The safety and effectiveness results were presented as late-breaking science at SCAI 2024, the Society for Cardiovascular Angiography & Interventions scientific sessions held May 2-4 in Long Beach, California. The study was simultaneously published by Tai Kobayashi MD, et al in JSCAI.
As summarized in the SCAI press release, patients in the ENGULF study underwent pre- and 48-hour postprocedural CT scans. The primary efficacy outcome was the percent difference in the pre-to-postprocedural right ventricle to left ventricle (RV/LV) ratios. The primary and secondary safety outcomes were all-cause mortality, major life-threatening bleeding, device-related serious adverse events, pulmonary or cardiac injury, and clinical decompensation at 48 hours and 30 days postprocedure.
All 25 patients from eight centers underwent successful embolectomy. The mean RV/LV ratio was 1.53 ± 0.27 at baseline and 1.15 ± 0.18 at 48 hours postprocedure (23.2% ± 12.81% change). Of note, there were no major adverse events at 48 hours and no deaths at 30 days, stated the SCAI press release.

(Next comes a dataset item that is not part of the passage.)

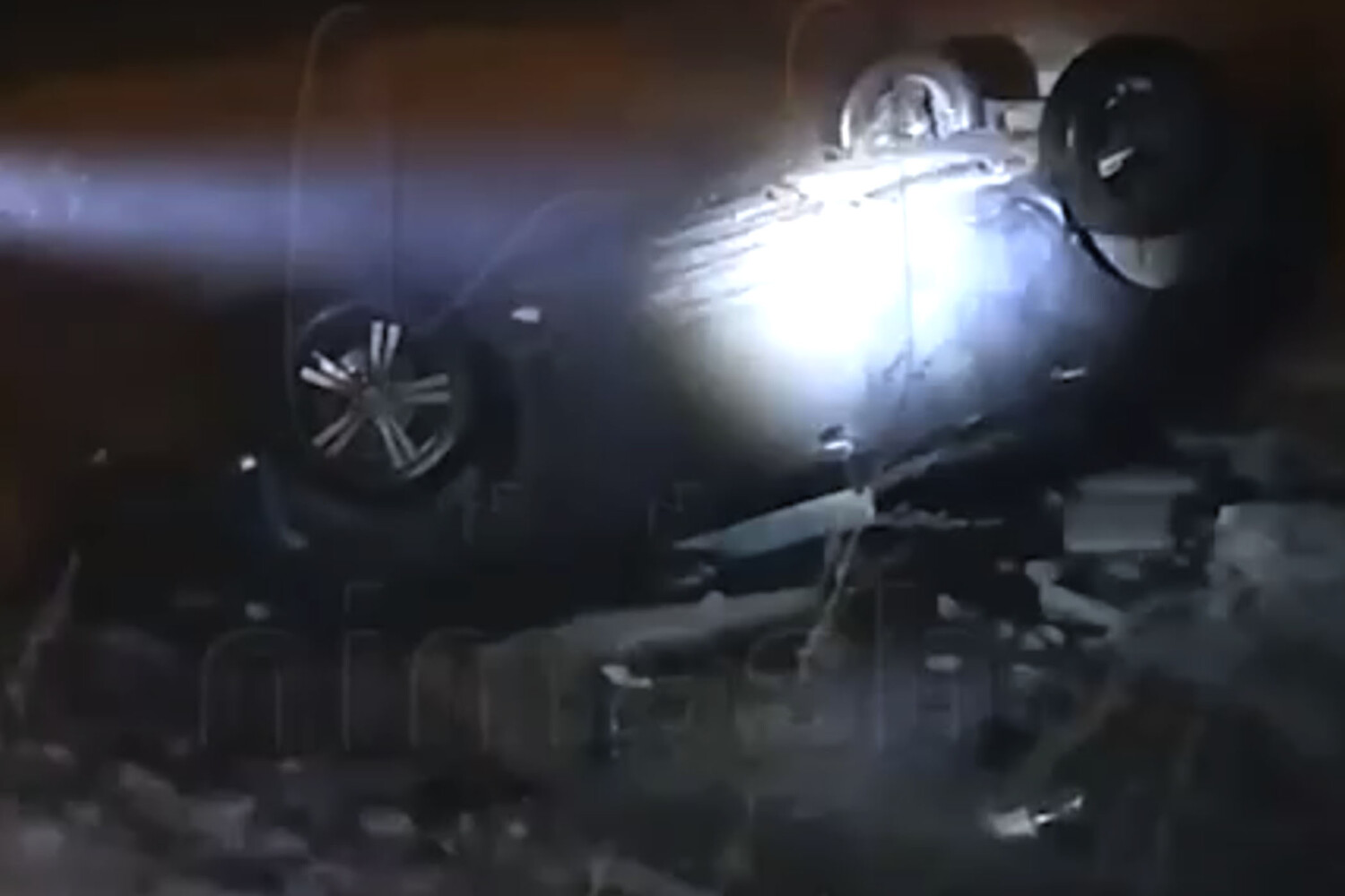 На кадрах видно, что в момент аварии транспорт перевернулся и упал на крышу. По словам очевидцев, во время кульбита водитель находился в состоянии алкогольного опьянения. После произошедшего на место приехала супруга автомобилиста.

“Although more rigorous studies are needed, RV/LV ratio is the most important predictor of dysfunction and adverse outcomes in acute PE, and it is exciting to see that the RV/LV ratio reduction was just as much as other FDA-approved devices on the market without any large safety concerns in a new first-in-human device,” commented Dr. Kobayashi in the society’s press release.

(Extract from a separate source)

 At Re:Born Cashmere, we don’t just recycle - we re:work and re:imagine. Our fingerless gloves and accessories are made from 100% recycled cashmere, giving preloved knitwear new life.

He continued, “This technology represents the marriage between large- and small-bore embolectomy, which allows for operators to travel through the heart with a smaller catheter but expand a larger funnel that matches the size of the large-bore catheters, leaving a smaller footprint and lowering the risk of hemodynamic impact for the patient.”

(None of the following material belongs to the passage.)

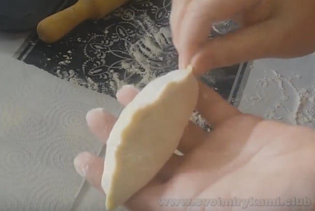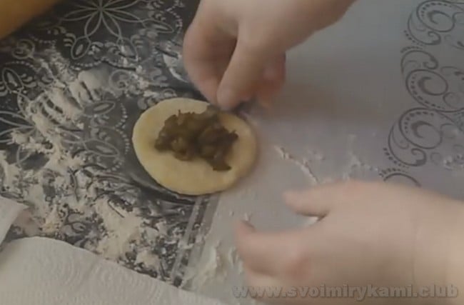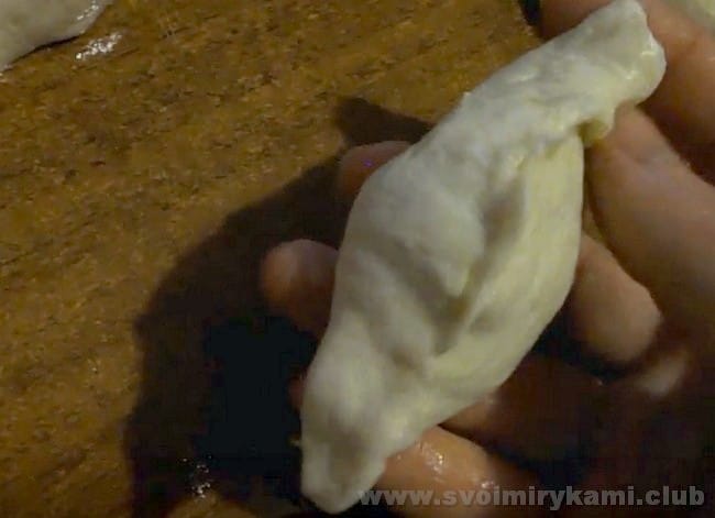 • Пиріжки заліплюємо ретельно, не залишаючи навіть мінімальних щілин. За формою пиріжок можна зробити круглим або довгастим, у другому випадку їх потрібно злегка приплюснути.

Jay Giri, MD, National Principal Investigator of the study, added, “For the field of interventional PE therapies to fully reach its promise, continued innovation is needed to optimize our procedural workflows across the wide array of patients affected by this disease. The ENGULF trial is an important step in this process, demonstrating that a novel, purpose-built PE thrombectomy catheter can achieve excellent results even among its earliest users.”
Dr. Kobayashi is Assistant Professor of Clinical Medicine at Penn Medicine, and Dr. Giri is Director of the Cardiovascular Catheterization Laboratories at the Hospital of the University of Pennsylvania in Philadelphia, Pennsylvania.